(Recorded data)

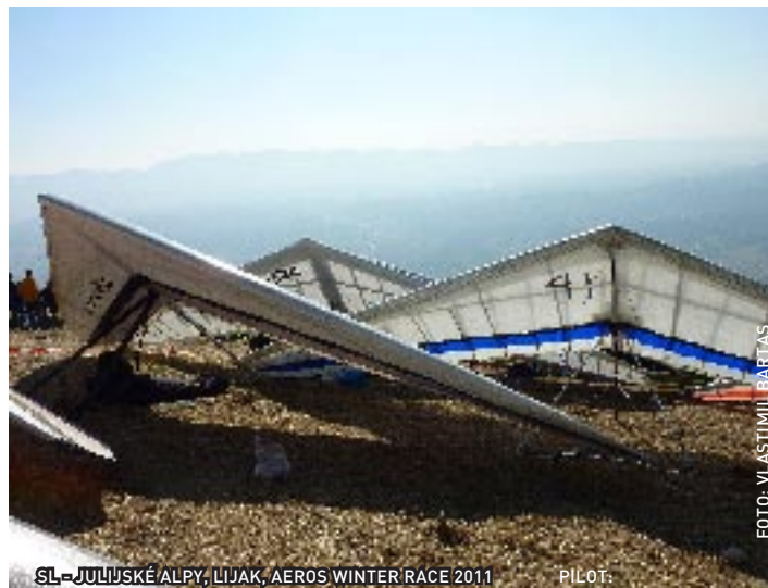
SL - JULIJSKÉ ALPY, LIJAK, AEROS WINTER RACE 2011 PILOT:
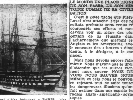
Le Musée de la Marine vient d'être inauguré à PARIS. Des visiteurs examinent une bien intéressante maquette.

Dans les jours qui suivront, nous aurons l'occasion de revenir sur les questions de ravitaillement, de marché noir, que le président Laval a traitées dans son grand et sincère discours.
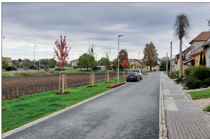
Nová zeleň na Kaplické ulici.
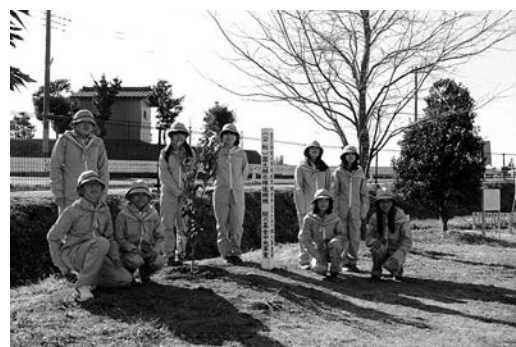
緑の少年団による植樹
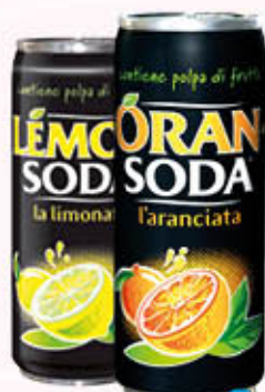
LEMONSODA ORANSODA LATTINA 33 cl
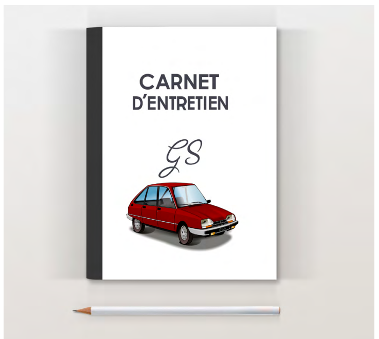
GSA X3 1983 Rouge

### [EXERCISE AIM]
Write out all of the data above exactly, without any of its pictures.

### [RESPONSE TO THE EXERCISE]
SL - JULIJSKÉ ALPY, LIJAK, AEROS WINTER RACE 2011 PILOT:
Le Musée de la Marine vient d'être inauguré à PARIS. Des visiteurs examinent une bien intéressante maquette.

Dans les jours qui suivront, nous aurons l'occasion de revenir sur les questions de ravitaillement, de marché noir, que le président Laval a traitées dans son grand et sincère discours.
Nová zeleň na Kaplické ulici.
緑の少年団による植樹
LEMONSODA ORANSODA LATTINA 33 cl
GSA X3 1983 Rouge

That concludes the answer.